[Exercise directions]:
With the pictures left out, restate exactly the part below that opens with the line containing "Dear Members of" and closes with the line containing "Red is good".

[Available data]:
::::

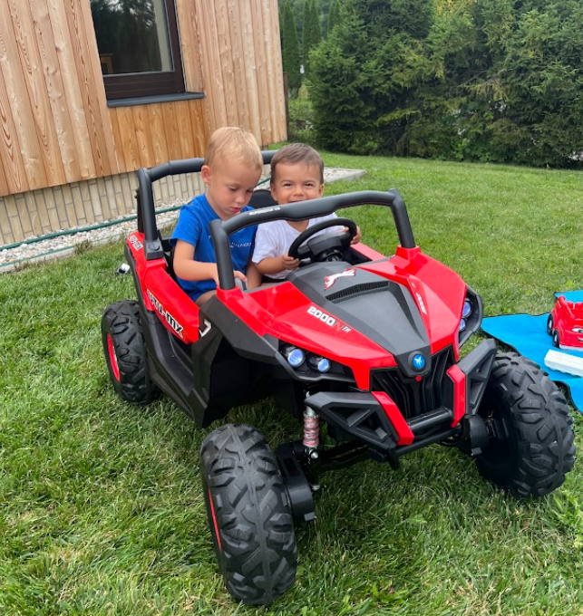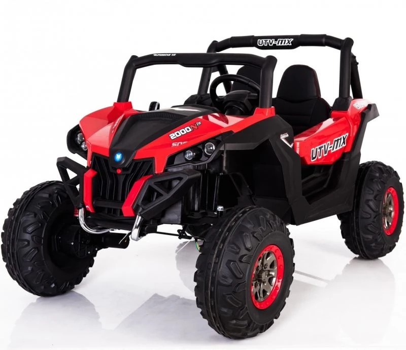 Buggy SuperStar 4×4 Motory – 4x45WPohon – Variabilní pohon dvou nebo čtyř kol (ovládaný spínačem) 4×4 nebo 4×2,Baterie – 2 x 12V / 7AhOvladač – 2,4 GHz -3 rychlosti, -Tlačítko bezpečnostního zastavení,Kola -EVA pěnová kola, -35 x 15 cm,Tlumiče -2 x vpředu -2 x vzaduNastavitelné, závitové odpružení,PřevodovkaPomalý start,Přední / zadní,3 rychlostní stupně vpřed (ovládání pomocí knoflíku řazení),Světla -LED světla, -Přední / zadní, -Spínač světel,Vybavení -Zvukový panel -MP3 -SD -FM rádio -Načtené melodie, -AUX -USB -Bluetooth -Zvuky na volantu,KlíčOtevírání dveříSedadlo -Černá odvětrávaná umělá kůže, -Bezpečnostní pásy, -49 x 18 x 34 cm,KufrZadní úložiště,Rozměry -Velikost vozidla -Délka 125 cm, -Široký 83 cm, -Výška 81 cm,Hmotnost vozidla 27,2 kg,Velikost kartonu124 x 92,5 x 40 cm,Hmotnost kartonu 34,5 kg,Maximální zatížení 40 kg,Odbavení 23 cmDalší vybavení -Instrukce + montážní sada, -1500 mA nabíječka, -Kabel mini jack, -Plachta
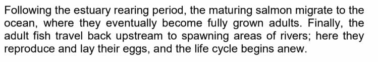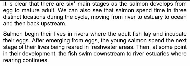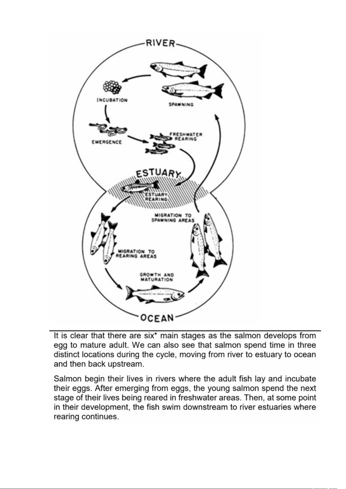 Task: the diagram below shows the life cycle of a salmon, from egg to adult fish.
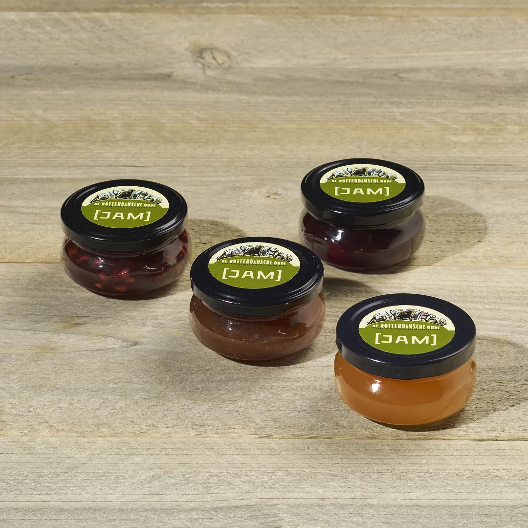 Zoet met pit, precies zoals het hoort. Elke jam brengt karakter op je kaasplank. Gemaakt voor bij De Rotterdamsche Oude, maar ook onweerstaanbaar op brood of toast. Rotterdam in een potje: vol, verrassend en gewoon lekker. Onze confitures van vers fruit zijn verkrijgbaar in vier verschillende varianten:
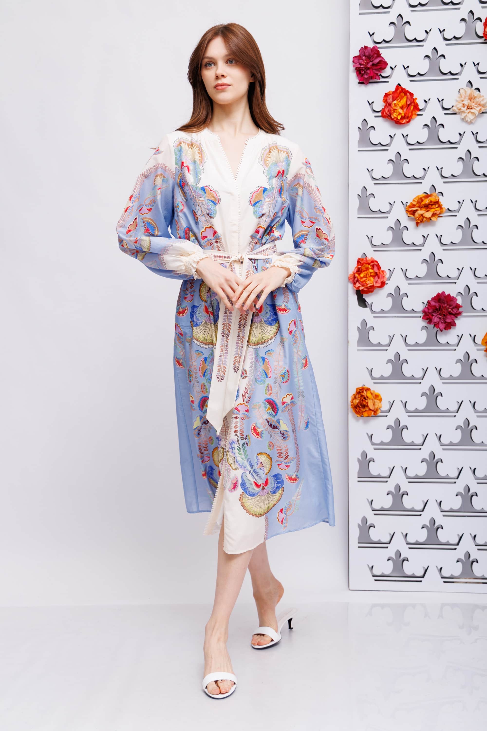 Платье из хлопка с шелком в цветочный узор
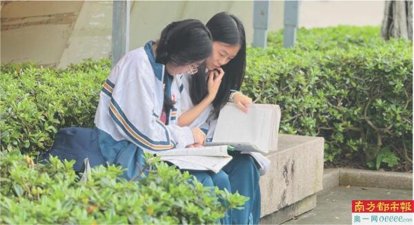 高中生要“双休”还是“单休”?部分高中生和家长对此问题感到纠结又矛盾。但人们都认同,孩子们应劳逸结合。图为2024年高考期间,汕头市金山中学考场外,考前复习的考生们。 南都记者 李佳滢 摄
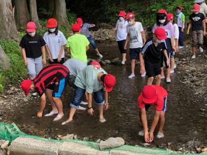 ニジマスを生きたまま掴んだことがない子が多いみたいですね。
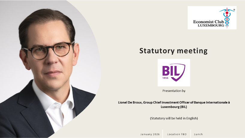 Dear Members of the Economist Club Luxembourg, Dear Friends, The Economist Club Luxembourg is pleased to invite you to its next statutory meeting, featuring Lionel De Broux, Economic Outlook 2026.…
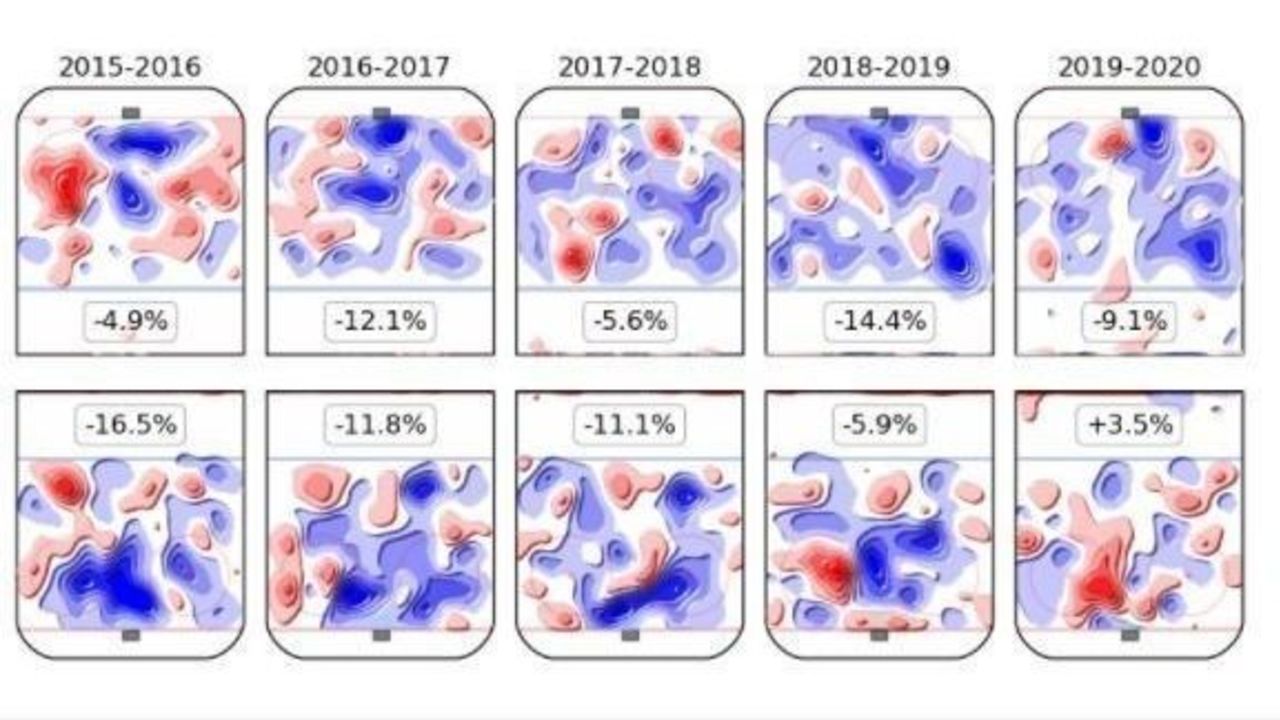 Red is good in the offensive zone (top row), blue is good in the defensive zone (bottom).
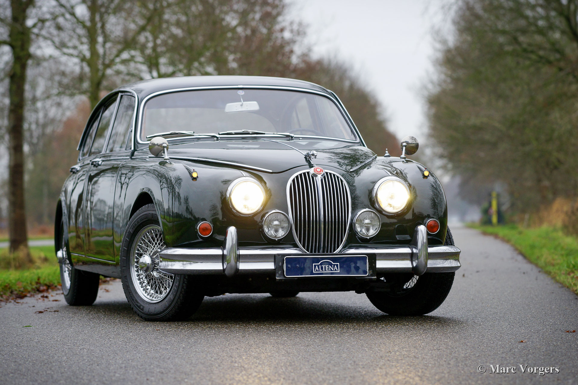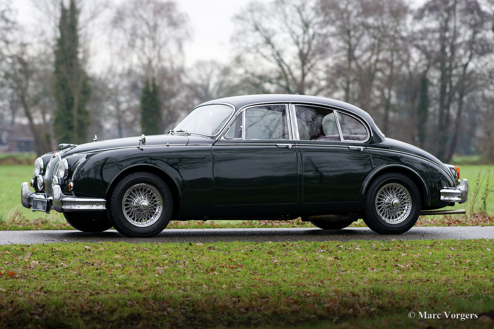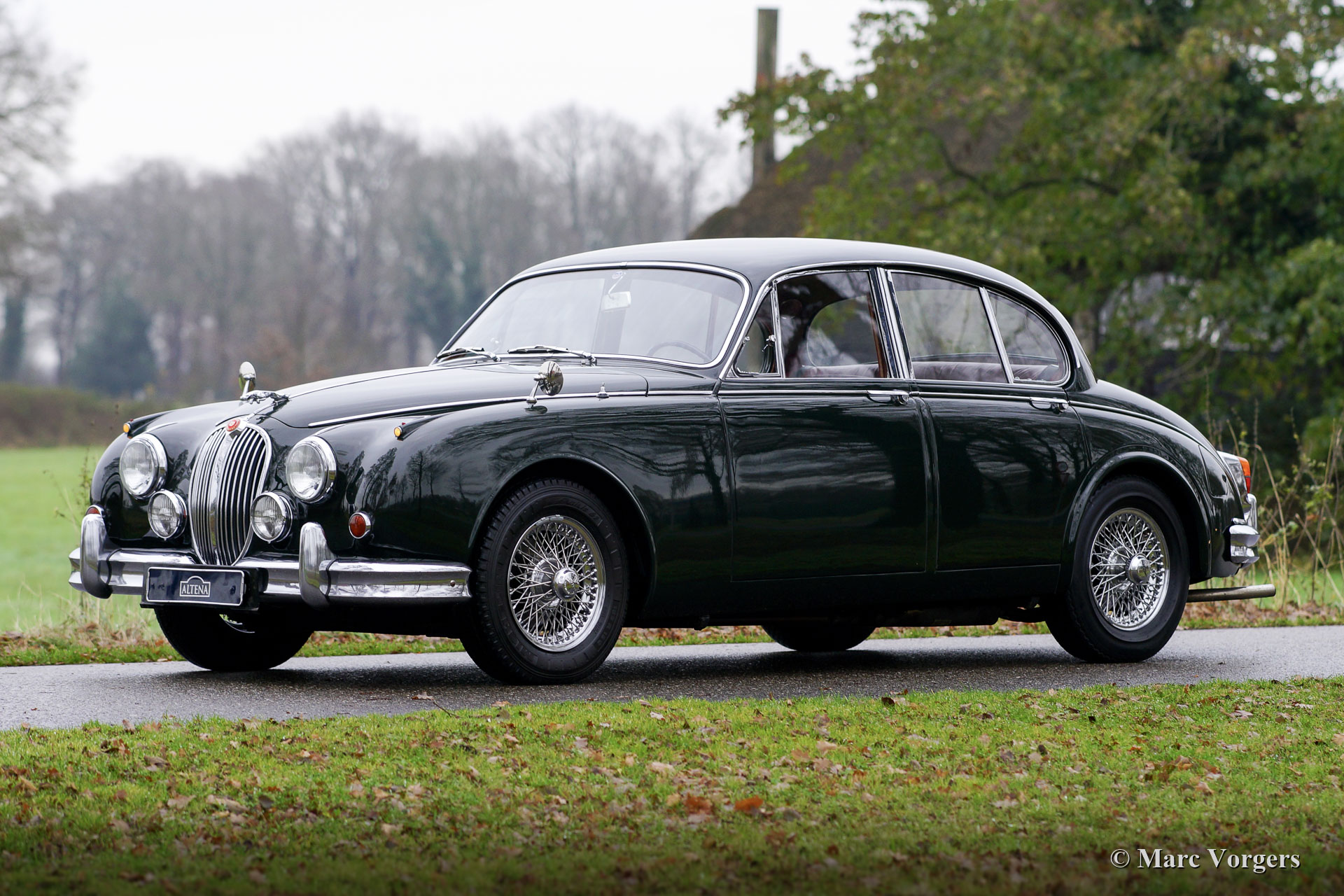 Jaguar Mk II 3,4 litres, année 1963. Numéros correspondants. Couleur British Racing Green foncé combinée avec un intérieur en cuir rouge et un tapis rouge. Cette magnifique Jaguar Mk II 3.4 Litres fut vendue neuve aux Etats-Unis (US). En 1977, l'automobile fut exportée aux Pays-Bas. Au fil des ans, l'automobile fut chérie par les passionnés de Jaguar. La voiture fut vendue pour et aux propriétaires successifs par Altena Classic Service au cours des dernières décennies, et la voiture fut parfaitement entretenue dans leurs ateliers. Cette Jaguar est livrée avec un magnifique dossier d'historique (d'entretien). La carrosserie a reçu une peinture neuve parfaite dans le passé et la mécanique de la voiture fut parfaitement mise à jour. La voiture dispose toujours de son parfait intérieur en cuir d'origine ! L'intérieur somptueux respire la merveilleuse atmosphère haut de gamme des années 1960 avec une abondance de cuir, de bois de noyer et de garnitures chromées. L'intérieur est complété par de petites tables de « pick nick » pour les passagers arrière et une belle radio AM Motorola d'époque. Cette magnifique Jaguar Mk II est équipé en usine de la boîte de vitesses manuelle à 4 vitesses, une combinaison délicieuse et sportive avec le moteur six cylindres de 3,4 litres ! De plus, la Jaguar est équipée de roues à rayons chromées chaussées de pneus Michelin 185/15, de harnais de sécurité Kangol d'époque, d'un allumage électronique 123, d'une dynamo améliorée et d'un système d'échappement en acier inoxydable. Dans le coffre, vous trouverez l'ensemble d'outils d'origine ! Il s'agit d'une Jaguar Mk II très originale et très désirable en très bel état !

::::

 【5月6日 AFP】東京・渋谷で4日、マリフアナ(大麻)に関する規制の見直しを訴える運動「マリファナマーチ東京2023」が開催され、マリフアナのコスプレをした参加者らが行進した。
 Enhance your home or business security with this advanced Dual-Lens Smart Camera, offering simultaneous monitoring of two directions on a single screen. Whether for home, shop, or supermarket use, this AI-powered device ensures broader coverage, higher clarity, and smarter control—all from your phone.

::::

[Written answer]:
 Dear Members of the Economist Club Luxembourg, Dear Friends, The Economist Club Luxembourg is pleased to invite you to its next statutory meeting, featuring Lionel De Broux, Economic Outlook 2026.…
 Red is good in the offensive zone (top row), blue is good in the defensive zone (bottom).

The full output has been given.